Consider if that had been ratified by now. If that postseason hovered over conference realignment. A lot of the angst driving the conversation would be dialed down.

There would still be schools trying to get to the Big Ten and SEC. There would still be schools like Memphis trying to improve their position in the pecking order. There would still be complaining about the lack of oversight related to new name, image and likeness rules. There would still be a record number of transfers.

But there would at least be a semblance of stability, from knowing the sport driving all this dysfunction (football) at least had a postseason in place trying to protect the interests of everyone.

Instead, we’ve got this: “It's musical chairs and then the music is gonna stop and you're not gonna have a seat at the table. That's scary for a lot of universities,” LSU coach Brian Kelly said Monday at SEC Media Days. “And there's not enough chairs for everybody. That's the current state of college football."

And this: "Megaconferences will create more of a caste system, maybe, in college football," Alabama's Nick Saban said Tuesday, "and everyone has to decide if that's the direction we really want to go or not."

We’ve got a group of new Power Five conference commissioners inspired almost entirely by conceit, who figured the best course of action was to completely railroad the one thing everybody else in college sports actually agreed on.

The so-called alliance between Big Ten commissioner Kevin Warren, ACC commissioner Jim Phillips and Pac-12 commissioner George Kliavkoff makes the League of Nations look like an unbridled success.
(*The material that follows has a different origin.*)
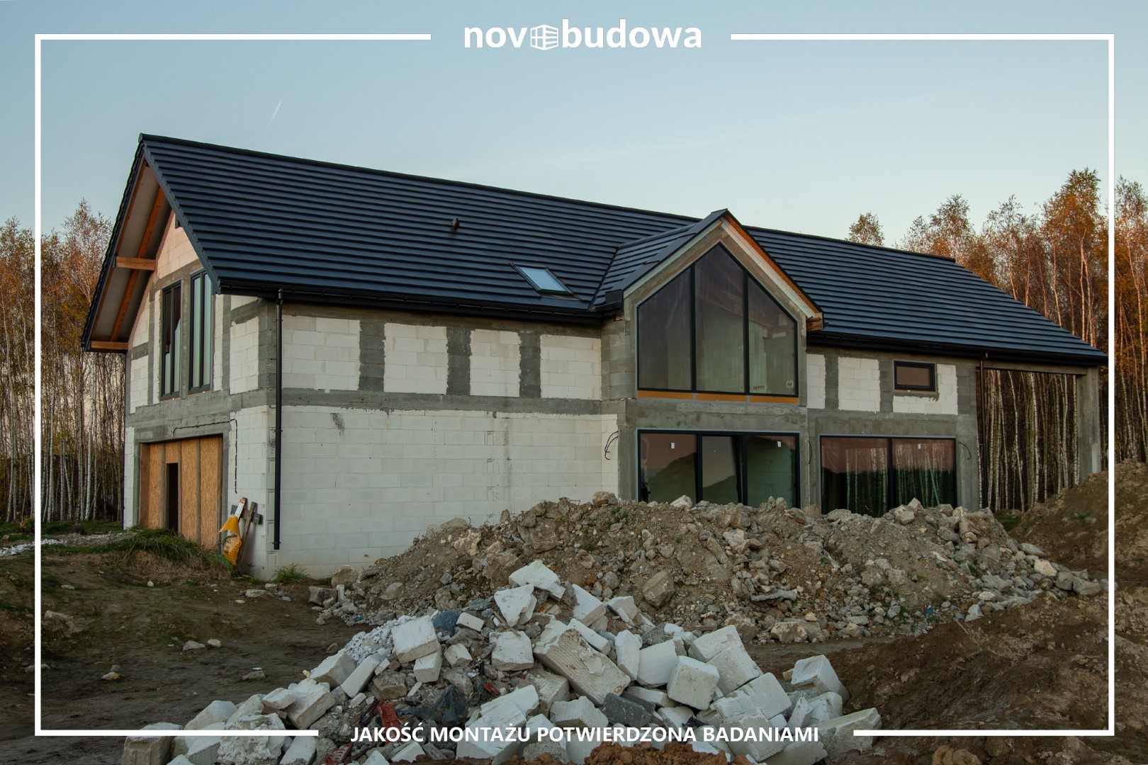 Zrealizowaliśmy również montaż okna HST z cienkim słupkiem środkowym oraz pięknego skośnego przeszklenia! Zobaczcie sami.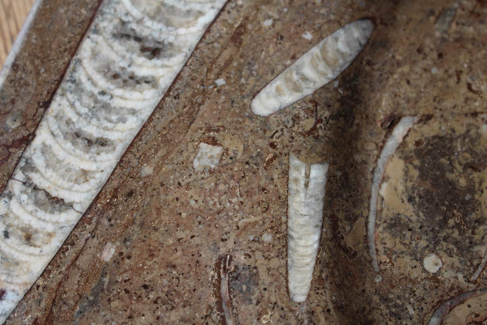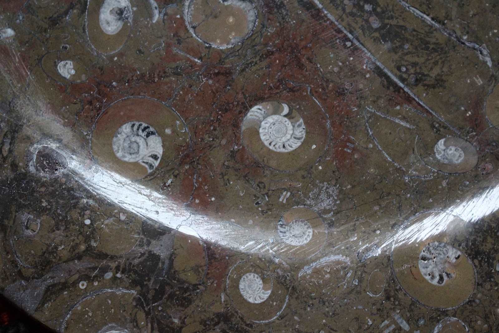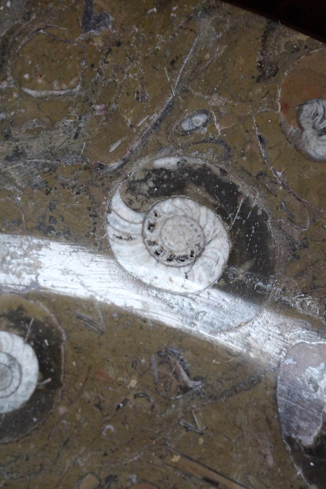 The stone likely originates from Morocco, Devonian Period (400 - 350 million years ago)

Of all the hypocrisy that has damaged college sports, this might be the most indefensible example.

By joining together, they created a voting bloc capable of blocking the approval of this 12-team playoff idea. They didn’t like not being included in the planning stages, which were spearheaded by a committee featuring SEC commissioner Greg Sankey, outgoing Big 12 commissioner Bob Bowlsby, Notre Dame athletic director Jack Swarbrick and Mountain West commissioner Craig Thompson.

This alliance, of course, lasted just long enough to ruin everything. It effectively ended a few weeks ago when USC and UCLA bolted to the Big Ten. And on Monday in Atlanta, Sankey didn’t sound all that enthused about revisiting the automatic qualifier designations that were to be part of the 12-team playoff he originally helped construct.

Jul 18, 2022; Atlanta, GA, USA; SEC commissioner Greg Sankey delivers comments to open SEC Media Days at the College Football Hall of Fame. Mandatory Credit: Dale Zanine-USA TODAY Sports
Jul 18, 2022; Atlanta, GA, USA; SEC commissioner Greg Sankey delivers comments to open SEC Media Days at the College Football Hall of Fame. Mandatory Credit: Dale Zanine-USA TODAY Sports

"If we're going to go back to square one, we're going to take a step back from the model introduced and rethink the approach, number of teams, whether there should be any guarantee for conference champions at all,” Sankey said. “Just earn your way in. There's something that's healthy competitively about that and creates expectations and support around programs.”

The playoff he’s suggesting is a playoff that will most benefit the SEC, and essentially prevent a majority of the schools playing college football from earning their way in to the postseason.

It’s a playoff that would exacerbate the divide conference realignment is already driving forward.

It’s a playoff crafted entirely by ego run amok.

Worst of all, it’s a playoff we should have already avoided.